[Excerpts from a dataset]
== == ==
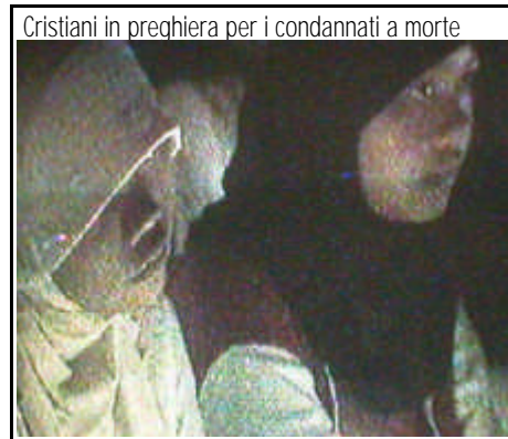
Cristiani in preghiera per i condannati a morte
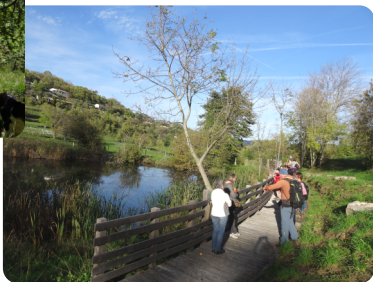
et de la zone humide de Pré Lacour
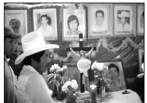
Memorie degli uccisi dalle guardias blancas nel 1996

Di questa comunità fanno parte 56 famiglie di origine indigena tzotzil, sfollate durante il conflitto del 1994. Sono i legittimi proprietari della terra perché sono i discendenti dei contadini che l'acquistarono dalla corona spagnola. È sorta il 28 giugno 2002, quando sono stati recuperati parte dei 1600 ettari che formavano la finca ; attualmente la comunità si estende su 210 ettari, ed ogni famiglia coltiva 3 ettari di terra per il proprio sostentamento. L'organizzazione è a livello comunitario e si propone come obiettivo di recuperare altri 115 ettari, per arrivare ad avere 5 ettari per famiglia, condizione presunta indispensabile per il sostentamento della comunità. La situazione attuale costringe un buon numero di famiglie a vivere e lavorare in città per molti mesi l'anno. Nella comunità si sono formati alcuni gruppi di lavoro collettivo come allevatori ed apicoltori, oltre allo sviluppo di attività collettive per la comunità che vanno dalla costruzione di spazi municipali, alla pulizia delle strade. C'è una scuola che non sta funzionando per mancanza di bambini ed i pochi che ci sono vanno a Laguna Verde; il servizio sanitario più vicino è un ospedale da campo che si trova sulla strada per Venustiano Carranza.
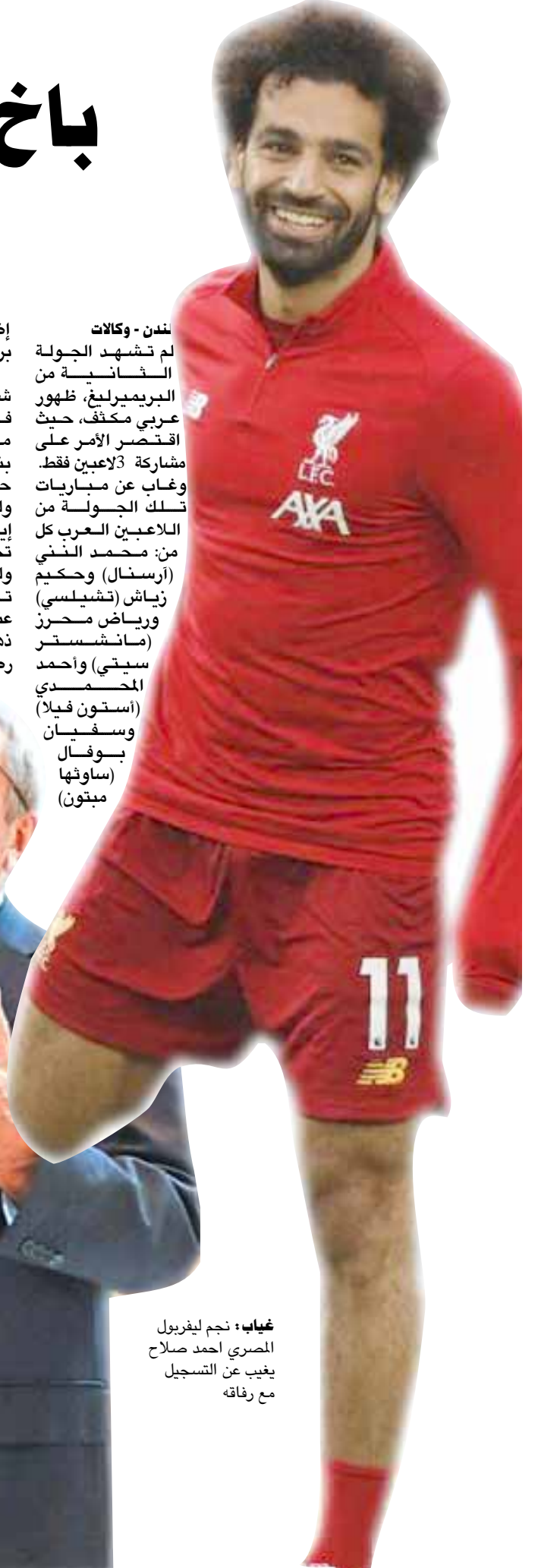
غيباب، نجم ليفربول المصري أحمد صلاح يحيى عن التسجيل مع رفاقه

نندن - وكالات لم تشهد الجولة الثانية من البريميرليغ، ظهور عربي مكثف، حيث اقتصر الأمر على مشاركة 3 لاعبين فقط. وغاب عن مباريات تلك الجولة من اللاعبين العرب كل من محمد النني (ارسنال) وحكيم زياش (تشيلسي) ورياض محرز (مانشستر سيتي) وأحمد السعيد (استون فيلا) وسفيان بوفال (ساوثهامبتون) ميتون) إضافة إلى أحمد حجازي (وست بروميتش). شارك المدافع المغربي في خسارة فريقيه وولفرهامبتون أمام مانشستر سيتي أمس الإثنين، بنتيجة 3-1 على ملعب مولينيو، حيث خاض المباراة بالكامل، ولكنه لم يتمكن رفقة زملائه من إيقاف زحف رجال بيب جوارديولا تجاه مرماهم. ولم يتمكن وولفرهامبتون من تكرار نتائج الموسم الماضي، عندما تغلب على مانشستر سيتي ذهاباً وإياباً في الدوري، ليتجمد رصيد النشاب عند 3 نقاط في المركز 12 في الوقت الذي حصد فيه السبتي 3 نقاطه هذا الموسم بعد غيابه عن الجولة الأولى للحصول
== == ==
Description of the task:
Every line from the top of the records above to the line with "Memorie degli uccisi", inclusive, should be duplicated exactly, minus the pictures.

Reply to the exercise:
Cristiani in preghiera per i condannati a morte
et de la zone humide de Pré Lacour
Memorie degli uccisi dalle guardias blancas nel 1996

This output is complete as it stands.